Aggregations Overview

Aggregation involves grouping records by a certain key and then applying an aggregate function over the grouped data. This is useful when you want to compute summary statistics, maintain running totals, or build complex stateful transformations from event streams.

Common Use Cases

Counting the number of events per key.
Summing values per key.
Maintaining rolling averages, minimums, or maximums.
Building complex states, such as consolidating multiple Customer events (e.g., profile updates, purchases) into a single “customer state” object.

GroupBy and Aggregate Operators

GroupBy: Splits the stream into keyed groups based on a provided key selector. Internally, it uses a state store to maintain a list of events for each key.

Aggregate: Consumes grouped data and applies an aggregation function to produce a single result (or ongoing results) per key.
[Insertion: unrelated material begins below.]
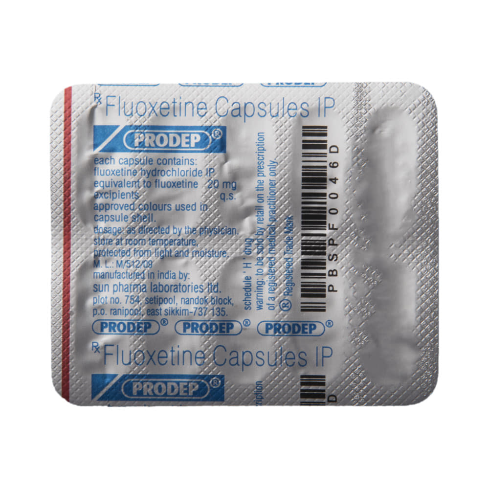 Prodep Capsule is a type of antidepressant belonging to the selective serotonin reuptake inhibitor (SSRI) group of medicines. It is widely prescribed to treat depression and other mental health conditions like panic disorder and obsessive-compulsive disorder. Prodep Capsule helps many people to recover from depression by improving their mood and relieving anxiety and tension. It is also used to treat bulimia nervosa (an eating disorder), where it reduces binge-eating and purging (vomiting).The dose and how often you need it will be decided by your doctor so that you get the right amount to control your symptoms. Your doctor may start you on a lower dose and increase it gradually. Do not change the dose or stop taking it without talking to your doctor, even if you feel well. Doing so may make your condition worse or you may suffer from unpleasant withdrawal symptoms (anxiety, restlessness, palpitations, dizziness, sleep disturbances, etc).To get the most benefit, take this medicine regularly at the same time each day. It may take a few weeks before you start feeling better. Let your doctor know if you do not see any improvement even after 4 weeks. Some common side effects of Prodep Capsule include nausea, indigestion, dry mouth, fatigue, loss of appetite, increased sweating, sinusitis, insomnia (difficulty in sleeping), yawning, and abnormal dreams. Sexual side effects like decreased sexual drive delayed ejaculation, and erectile dysfunction may also be seen. Let your doctor know straight away if you develop any sudden worsening of mood or any thoughts about harming yourself.Before taking this medicine, you should tell your doctor if you have epilepsy (seizure disorder or fits), diabetes, liver or kidney disease, heart problems, or glaucoma. These may affect your treatment. Pregnant or breastfeeding women should also consult their doctor before taking it. Some other medicines may affect the way it works, especially other antidepressants and medicines called MAO inhibitors. Please tell your doctor about all the medicines you are taking to make sure you are safe.

The aggregator uses a state store to maintain intermediate results.

The streaming API supports two modes:

GroupBy / Aggregate (Emitting): The resulting stream will emit KeyValuePair<TKey, Aggregate> objects whenever new data arrives.
GroupBySilently / AggregateSilently (Silent): The state is maintained silently without emitting grouped or aggregated results directly. The data continues down the pipeline in its original form, but the aggregator updates its state store behind the scenes. This is useful when you want to keep track of state but not necessarily produce aggregated output at every step.